# Fall down seven, stand up eight



## Bux05

Hi, I'm looking to translate a saying for a tattoo in hungarian, but I'm not having much luck with online searches.  I need the tattoo to read "Fall down seven, stand up eight" in hungarian.  Since its for a tattoo, I'd like to keep it as small and concise as possible.  All of the online translators are returning different results that are not consistent, so I'm just looking for someone to clarify this for me.  Any help is much appreciated.  Thanks!!


----------



## jazyk

I think it is _Összees__sél __ hétszer és __álljál fel nyolcszor _but please wait for confirmation!


----------



## Bux05

Jazyk - Thanks for the translation.  It definitely seems like the closest i've seen.  If I put this in one of the translators I was using, it comes out as:  "Sagged seven times and stand up up eight times".  Obviously it wont be an exact translation, but it's pretty close. I'll wait for confirmation. Thanks again.


----------



## Zsuzsu

Hi Bux05,

I will give a try: _Ha elesel hétszer, állj fel nyolcszor_! (literally: if you fall down seven times, stand up eight times), or - if you really need the imperative in the first part: _Ess el hétszer, állj fel nyolcszor_!
Hope that helps!


----------



## Bux05

Thanks Zsuzsu.  I really appreciate your help.  Now i just need a good design, ha.  Thanks!


----------



## Orreaga

I would say Zsuzsu's first option is correct, since we're not talking about the imperative in the first part.  It's not literally "fall down!" as an imperative, but it has an implied "if" in English, a shorthand way of saying it, if you will.  Hungarian is more precise and you can't translate that kind of truncated English with a machine translator.  In my opinion if you must have a tattoo in Hungarian it would be better to have something that makes more sense in Hungarian (i.e. a proverb or motto common in Hungarian) than something translated into Hungarian that doesn't make much sense. I think this is something that if a Hungarian saw this tattooed on someone they would just say "What the...?"


----------



## Zsuzsu

I more or less agree with Orreaga in everything he wrote.


----------



## Orreaga

For example, to convey the idea of "never give up" you could say *"soha nem szabad feladni"* or simply *"nem szabad feladni"* which is commonly used in Hungarian, and a shorter option than the 7/8 thing.


----------



## Zsuzsu

It would be shorter, Orreaga, but I don't expect it to occur as a tattoo. A much more idiomatic way of it would be: "Soha ne add fel!" (Never give up) but it's such a commonplace... I prefer the 7/8 thing - although there does not exist a saying like this in Hungarian, it sounds not bad. Actually, I find it original. And reading your first post again, I would say that any Hungarian would understand the intended meaning of the "7/8 thing".


----------



## Bux05

I appreciate everyone's help and opinion.  I definitely understand why it doesn't translate exactly as id like in english but Zsuzsu first try is pretty much what I was looking for.  While a fluent Hungarian might possibly think its a bit strange, that really wouldn't matter in my case.  Its actually a memorial tattoo that has many meanings and having it written in Hungarian is just a seperate meaning that only has meaning to myself. (This is why another saying wouldn't work)  I just thought if i could get it as close as possible, then I'd be happy with that.  Again, thanks to you all for your help and opinions.  For now I guess i'll lean towards the "_Ha elesel hétszer, állj fel nyolcszor_! (literally: if you fall down seven times, stand up eight times)" for now, but any other opinions are welcomed.  Thanks!


----------



## Orreaga

Zsuzsu said:


> And reading your first post again, I would say that any Hungarian would understand the intended meaning of the "7/8 thing".

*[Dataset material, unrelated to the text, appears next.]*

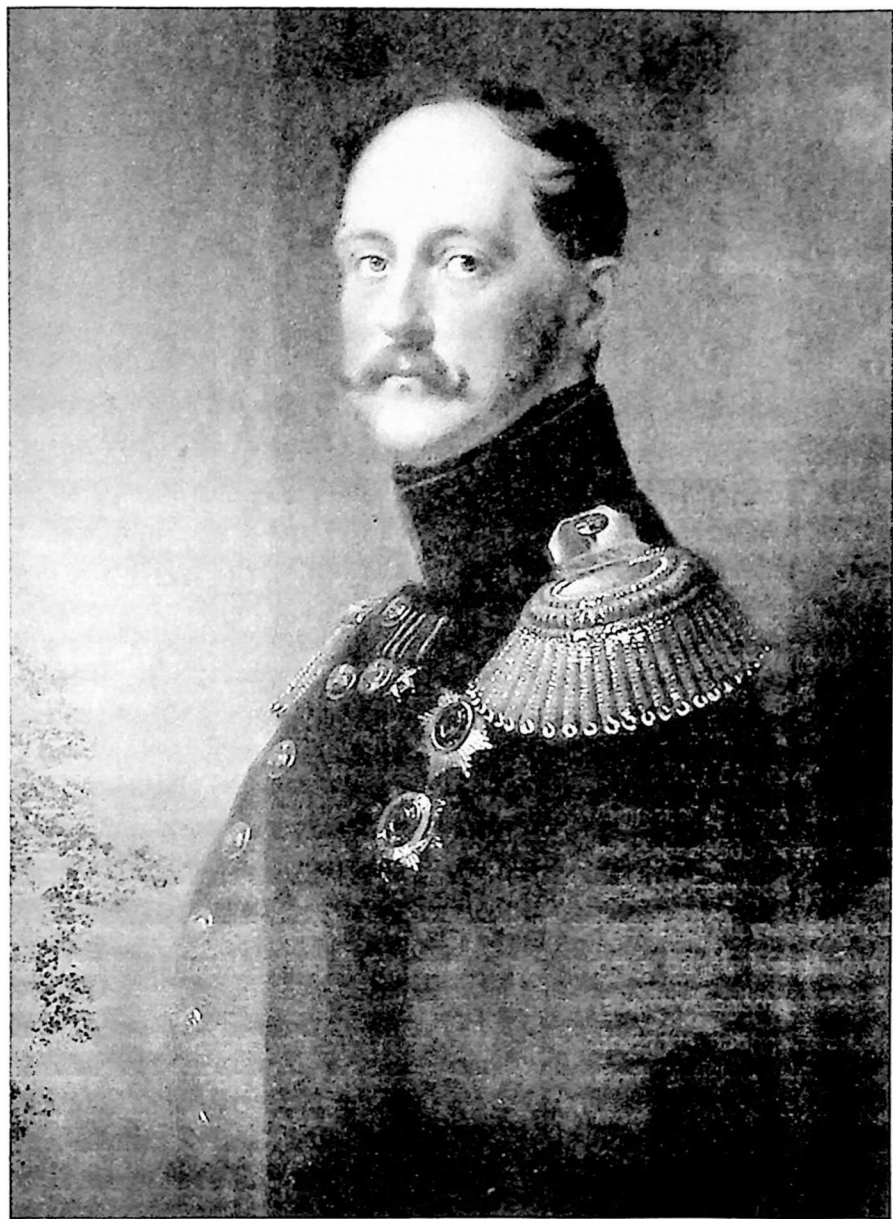
ნიკოლაი I (1825-1855)

Szia Zsuzsu:  Yes, I'm sure it would be understood in the literal sense (after all, the Hungarian translation is quite literal compared to the style of the English version), I just mean it is not something that already exists in Hungarian and yes it is "original" (for better or worse) in Hungarian (this translation has no hits in Google, whereas the English version has millions of hits).  I personally had never heard of it before in English and might be a little confused had I stumbled upon it without context (which makes your translation all the more impressive ).  

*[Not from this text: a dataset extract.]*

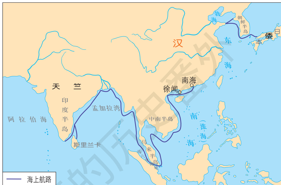
汉代海上航路示意图
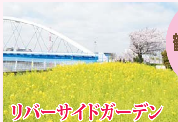
リバーサイドガーデン

菜の花の黄色と桜のピンク。春らしいコントラストが楽しめます。(鶴見川橋市場下町側・JR鶴見駅東口徒歩13分)

But apparently it is a popular Japanese subject for a tattoo  (whether this is actually worn by anyone in Japan remains to be seen!).  What complicates this is that now I realize the English "fall down seven stand up eight" is itself a stereotype of a Japanese person speaking beginner English. No native English speaker would speak like that. So if it is possible to imitate a Japanese person speaking beginning Hungarian maybe we would arrive at the most accurate translation!      Because the grammatically-flawless _Ha elesel hétszer, állj fel nyolcszor_!  doesn't have the same abbreviated Confucian flavor.

Sorry, Bux05, if this is taking the discussion beyond your original question.  Often after an initial question the discussion takes on a life of its own!  By the way, welcome to the Forum!


----------



## Zsanna

Hello everybody,
The sentence seems a bit long to me, too, for a tattoo but here is one way to make it a bit shorter: 
*Ha elesel 7x, állj fel 8x!* 

Or - just to complicate things a bit more: Ha 7x esel el, 8x állj fel! - this puts the accent a bit more on the numbers that is the point in my opinion...

It is not very "elegant" to use the "x" but I think it does not go against the "soul" of tattoos in general and is certainly understood without any problem.


----------



## Sowka

Hello to all of you 

If I may, I would like to contribute a little consideration: Yes, I know that it is said to be a Japanese saying, and yes, it does have many google hits.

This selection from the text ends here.